В связи с еврейской "парадигмой остраненности" от туземной среды возникает вопрос о парадигме самого прогресса. Как известно, прогрессу приписывают ту же интенцию, связанную с вытеснением местных и местно ангажированных, почвеннически чувствующих индивидов индивидами всемирно-историческими. Так интерпретировали парадигму прогресса не только авторы "Коммунистического манифеста", но и либералы-урбанисты, верующие в миссию мирового города по отношению к мировой деревне.
Но здесь возникает несколько вопросов, продолжающих будить сомнения. Первый из них касается соотношения средневековья и нового времени.
Средневековье являет собой парадокс смыкания микро- и мегауровней. С одной стороны, люди выстраивают свою идентичность не иначе как на действии местных общин, окрашенных «теплыми» межличностными связями.

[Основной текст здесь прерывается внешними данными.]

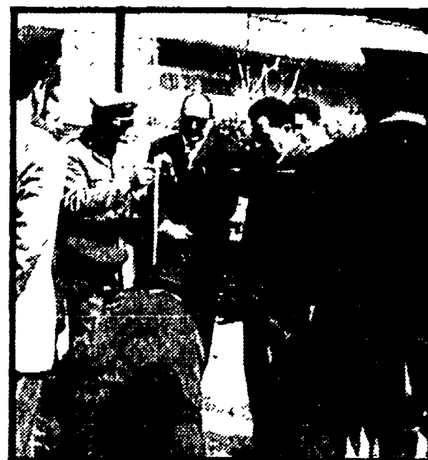
I periti balistici eseguono le misurazioni dal punto dove, presumibilmente, è stata esplosa la revolvera
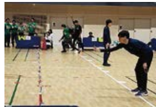
新種目「昭和へGO!トライアスロンリレー」
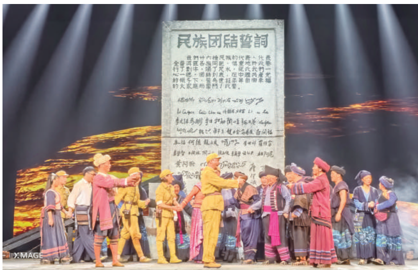
▲话剧《澜沧水长》剧照

С другой стороны, известен феномен средневекового космополитизма, связанного с образованием огромных империй (и на Западе, и на Востоке), в рамках которых происходит более или менее произвольная перекройка этнических территорий сверху. В противовес этим крайностям новое время выстроило идентичность среднего действия — в форме единых больших политических наций. Политический национализм вызвал известную атрофию местных чувств, породив высокомобильного индивида эпохи модерна. В то же время он компенсировал это в форме новых эмоций политического патриотизма "французского образца". Современные глобалисты призывают отказаться от этой эмоциональной компенсации: они требуют не только окончательно похоронить всякие местные привязанности квазиобщинного типа, но и национальные привязанности. Зрелый модерн понимается как способ существования дистанцирующегося индивида, окончательно порвавшего со всякими укорененными связями, вытеснившего всякое коллективное «мы» эгоцентричным «я». Прочные типы естественной (укореняющей) идентификации должны быть вытеснены временными, функциональными типами идентичности (сегодня я с вами, завтра — с ними, сегодня я здесь, завтра — там).

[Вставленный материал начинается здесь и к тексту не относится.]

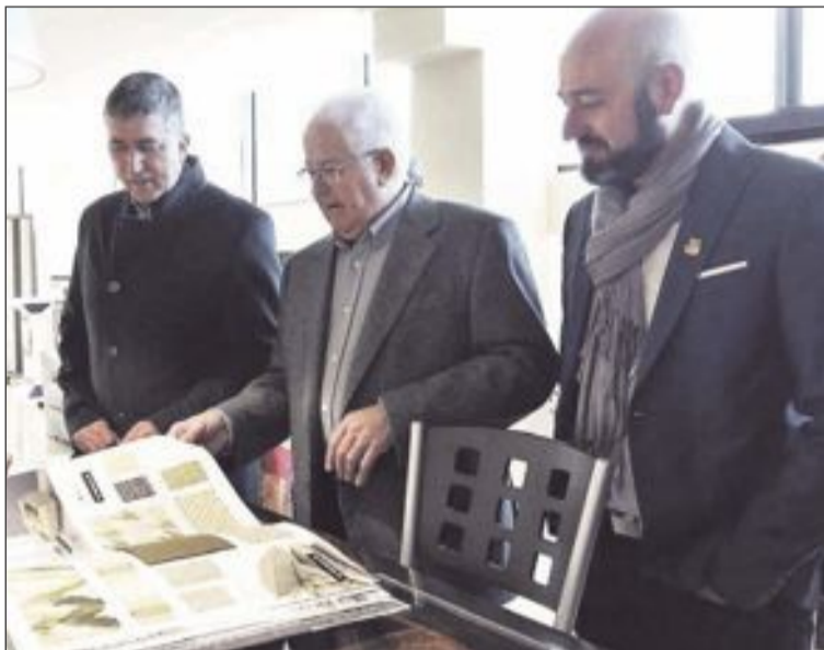
El conseller durante su visita a las empresas de Biar

El titular de Economía resaltó el esfuerzo que vienen realizando estas empresas para invertir de forma constante en investiga-
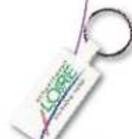
Rectangle Marq 90x27 Rectangle Printing 90x27

Возникает вопрос: достаточны ли эти новые формы произвольно меняемой (в зависимости от обстоятельств и настроения) идентичности для того, чтобы личность являла себя подлинной в своих традиционных (например, семейных) и новых ролях? Не отразится ли это на балансе запросов и обязанностей, притязаний и возможностей, способности брать и способности отдавать? Устарела ли проблема подлинности чувств и привязанностей, подлинности характера, подлинности выбора?

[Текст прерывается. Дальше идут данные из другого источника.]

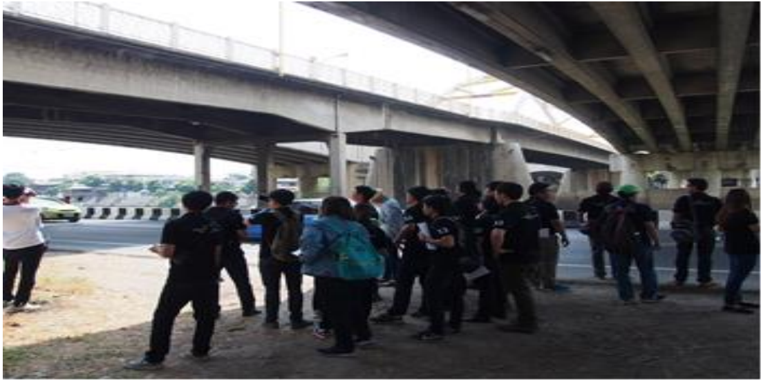
การสำรวจสะพานปรีดี-อึ้ง จังหวัดพระนครศรีอยุธยา

Если любые связи являются сугубо временными и умышленно-прагматическими, подверженными конъюнктуре, то подлинность оказывается мнимой, устаревшей проблемой. Но способны ли люди, утратившие подлинность, полноценно заменить тех, кто нес человеческое бремя на земле прежде, когда с подлинностью не шутили? В те времена (в городах-коммунах позднего средневековья), когда впервые заговорили о гражданском обществе и об отношениях гражданского контракта, никто не сомневался в том, что наряду с контрактными отношениями существуют иные, в которых проявляются наша устойчивая идентичность и подлинность, наше призвание и долг.